Data records ▸
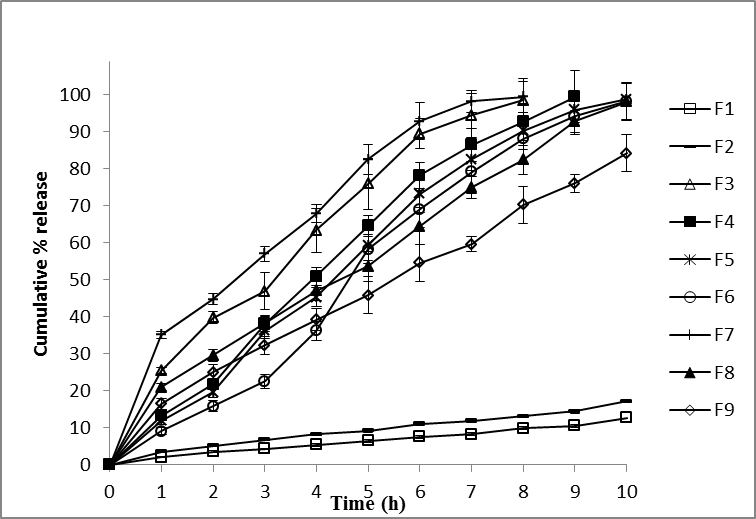 On immersion in 0.1N HCl solution (pH 1.2), 0.5% SLS at 37 °C, the tablets floated and remained buoyant without disintegration. Table 3 shows the results of Buoyancy study. From the results, it was concluded that the batch F1and F2 showed good Total floating time (TFT). Formulation F4 and F5 showed good BLT while the formulation F3 and F7 showed less TFT. And the formulation F8 and F9 showed good BLT as well as good TFT. All the batches of tablets were found to exhibit short BLT due to the presence of sodium bicarbonate and citric acid. The tablets with low-viscosity grade HPMC K4M exhibited short BLT and floated for a longer duration as compared with formulations containing high viscosity grade HPMC K100M. Increasing the concentration of HPMC K4M level in the formulations F3, F4, F5, F6, F8, and F9 prolonged the BLT and the total floating time. Thus a combination of sodium bicarbonate (50 mg) and citric acid (16 mg) with HPMC K4M and HPMC K100M was found to achieve the optimum in vitro buoyancy and float ability.
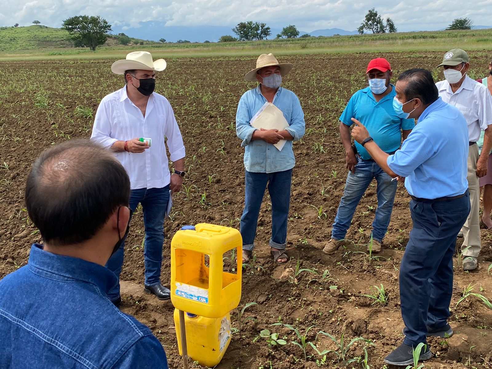 Reyes Mantecón, Oax. 24 de junio de 2021.- En apoyo a la producción de maíz, la Secretaría de Desarrollo Agropecuario, Pesca y Acuacultura (Sedapa), el Servicio Nacional de Sanidad, Inocuidad y Calidad Agroalimentaria (Senasica) y el Comité Estatal de Sanidad Vegetal de Oaxaca (Cesvo), dieron el banderazo de inicio a la campaña de manejo fitosanitario de dicho cultivo.
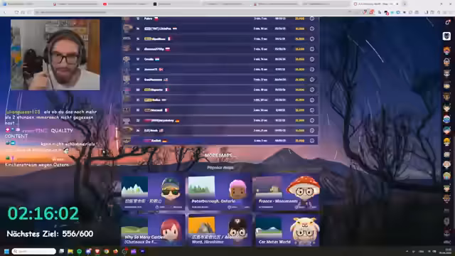 02:04:13Nach der Berlin-Challenge wechselt der Fokus zu verschiedenen Geoguessr-Speedruns. Es werden persönliche Bestzeiten (PBs) thematisiert und es gibt Versuche, unter vier Minuten zu bleiben. Es werden auch spezielle Herausforderungen wie die ACW (Autobahnbrücke Welt) Speedruns gespielt. Dabei kommt es zu schwierigen Runden, in denen die Pinpoints oft schwer zu finden sind, was zu unzufriedenen Kommentaren über das Movement und die Seed-Luck führt.
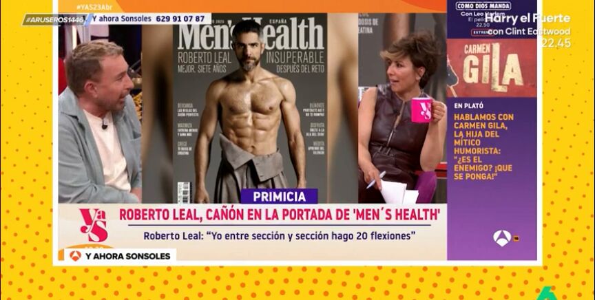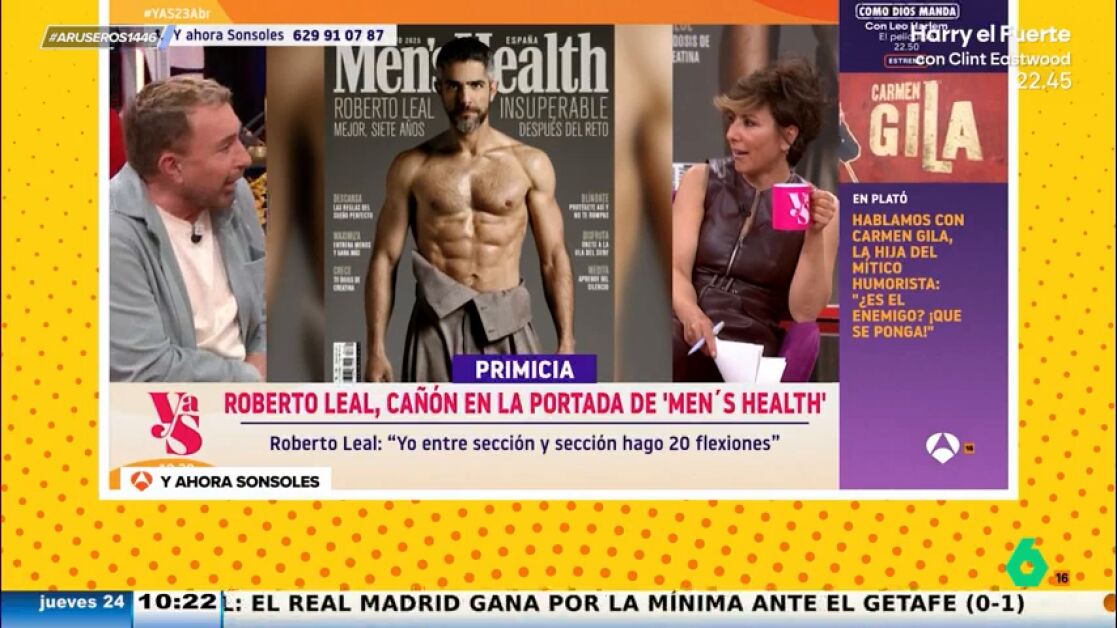 "No digo nada, ¿eh?", comenta Sonsoles Ónega tras ver la nueva portada de la revista Men's Health y descubrir los esculpidos abdominales deRoberto Leal, fotografiado sin camiseta. Sin embargo, tampoco hace falta que pronuncie una sola palabra, porque con su mirada ya puede saberse perfectamente lo que está pasando por su mente, como podemos ver en este fragmento del programa Y ahora Sonsoles del que se hace eco Aruser@s.
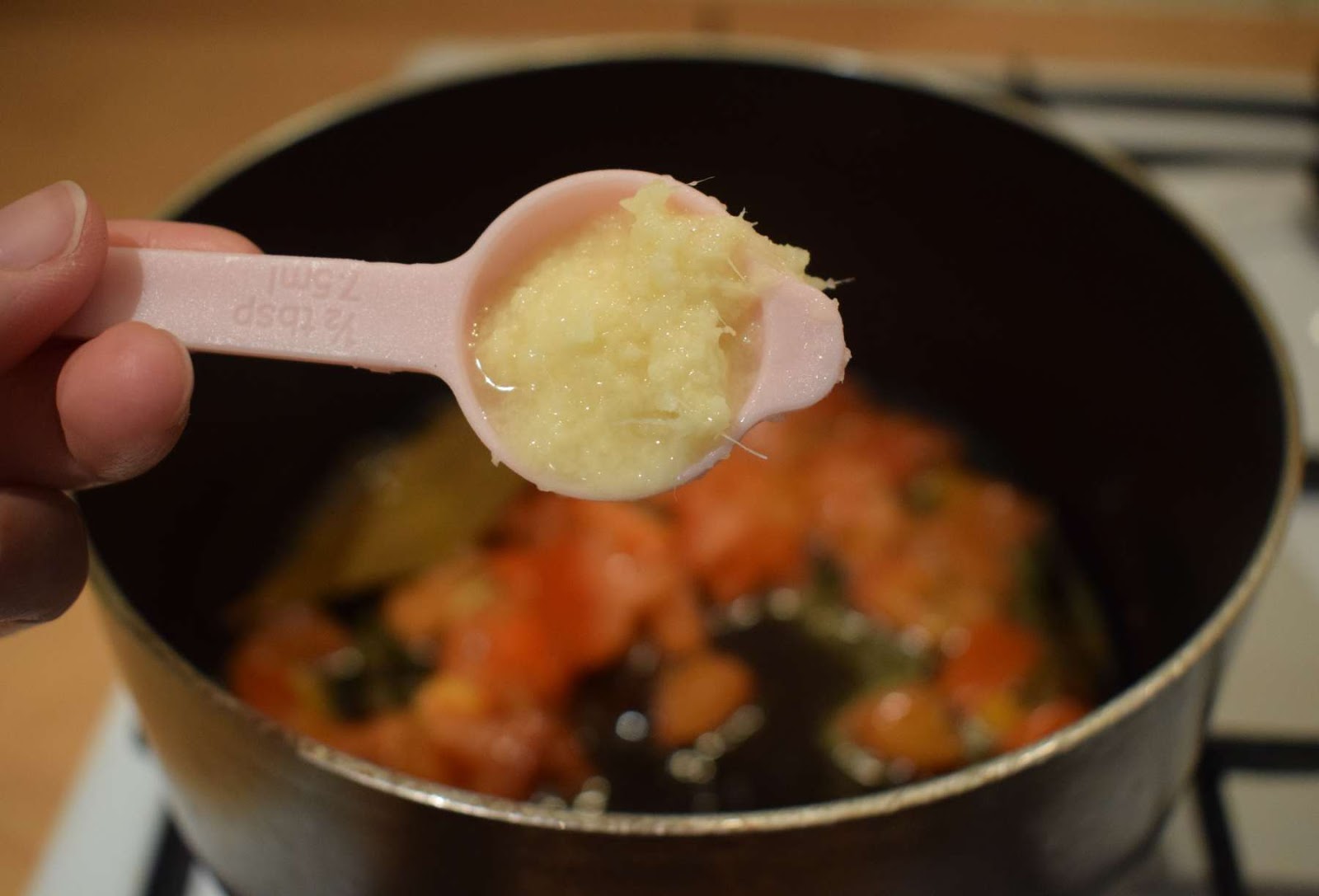 - Cook it in low flame for 1-2 minutes until the raw smell of the ginger goes away.

What you are asked to do ▸ Word for word and without pictures, restate only the lines running from the one that contains "Reyes Mantecón, Oax." through the last line of the listing above.

Written answer ▸
 Reyes Mantecón, Oax. 24 de junio de 2021.- En apoyo a la producción de maíz, la Secretaría de Desarrollo Agropecuario, Pesca y Acuacultura (Sedapa), el Servicio Nacional de Sanidad, Inocuidad y Calidad Agroalimentaria (Senasica) y el Comité Estatal de Sanidad Vegetal de Oaxaca (Cesvo), dieron el banderazo de inicio a la campaña de manejo fitosanitario de dicho cultivo.
 02:04:13Nach der Berlin-Challenge wechselt der Fokus zu verschiedenen Geoguessr-Speedruns. Es werden persönliche Bestzeiten (PBs) thematisiert und es gibt Versuche, unter vier Minuten zu bleiben. Es werden auch spezielle Herausforderungen wie die ACW (Autobahnbrücke Welt) Speedruns gespielt. Dabei kommt es zu schwierigen Runden, in denen die Pinpoints oft schwer zu finden sind, was zu unzufriedenen Kommentaren über das Movement und die Seed-Luck führt.
 "No digo nada, ¿eh?", comenta Sonsoles Ónega tras ver la nueva portada de la revista Men's Health y descubrir los esculpidos abdominales deRoberto Leal, fotografiado sin camiseta. Sin embargo, tampoco hace falta que pronuncie una sola palabra, porque con su mirada ya puede saberse perfectamente lo que está pasando por su mente, como podemos ver en este fragmento del programa Y ahora Sonsoles del que se hace eco Aruser@s.
 - Cook it in low flame for 1-2 minutes until the raw smell of the ginger goes away.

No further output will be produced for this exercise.